▸ **The data**:

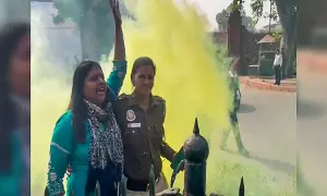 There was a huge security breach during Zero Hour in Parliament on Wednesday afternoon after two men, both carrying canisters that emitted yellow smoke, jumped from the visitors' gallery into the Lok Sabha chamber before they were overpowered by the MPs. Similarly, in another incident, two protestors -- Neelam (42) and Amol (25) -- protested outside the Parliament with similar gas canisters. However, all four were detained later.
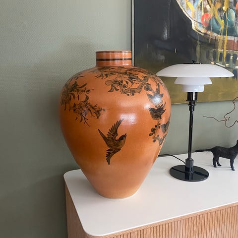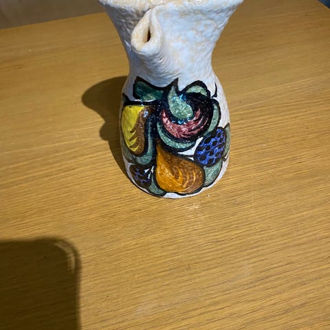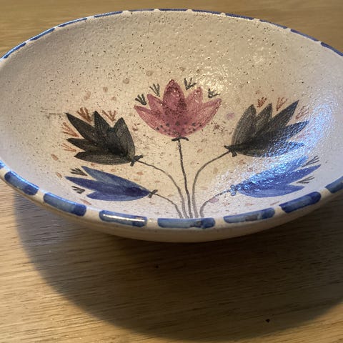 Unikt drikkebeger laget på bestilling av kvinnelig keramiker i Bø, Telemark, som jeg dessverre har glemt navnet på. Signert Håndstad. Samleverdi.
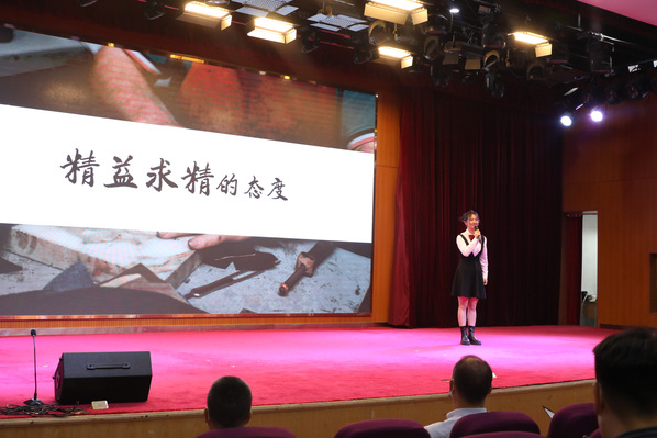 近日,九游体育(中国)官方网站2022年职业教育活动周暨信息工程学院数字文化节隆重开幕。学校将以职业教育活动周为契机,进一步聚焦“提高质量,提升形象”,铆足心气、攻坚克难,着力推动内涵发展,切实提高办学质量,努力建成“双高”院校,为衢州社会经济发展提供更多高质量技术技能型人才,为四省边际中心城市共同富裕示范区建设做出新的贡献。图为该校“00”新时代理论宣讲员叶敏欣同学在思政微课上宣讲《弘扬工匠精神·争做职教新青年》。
...
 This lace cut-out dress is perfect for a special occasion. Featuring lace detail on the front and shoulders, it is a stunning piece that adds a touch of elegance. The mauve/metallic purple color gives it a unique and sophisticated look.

▸ **Problem**: Although pictures appear among the records above, write out exactly only the lines from the one that has "Unikt drikkebeger laget" through the one that has "近日,九游体育(中国)官方网", and leave the pictures out.

▸ **Response**:
 Unikt drikkebeger laget på bestilling av kvinnelig keramiker i Bø, Telemark, som jeg dessverre har glemt navnet på. Signert Håndstad. Samleverdi.
 近日,九游体育(中国)官方网站2022年职业教育活动周暨信息工程学院数字文化节隆重开幕。学校将以职业教育活动周为契机,进一步聚焦“提高质量,提升形象”,铆足心气、攻坚克难,着力推动内涵发展,切实提高办学质量,努力建成“双高”院校,为衢州社会经济发展提供更多高质量技术技能型人才,为四省边际中心城市共同富裕示范区建设做出新的贡献。图为该校“00”新时代理论宣讲员叶敏欣同学在思政微课上宣讲《弘扬工匠精神·争做职教新青年》。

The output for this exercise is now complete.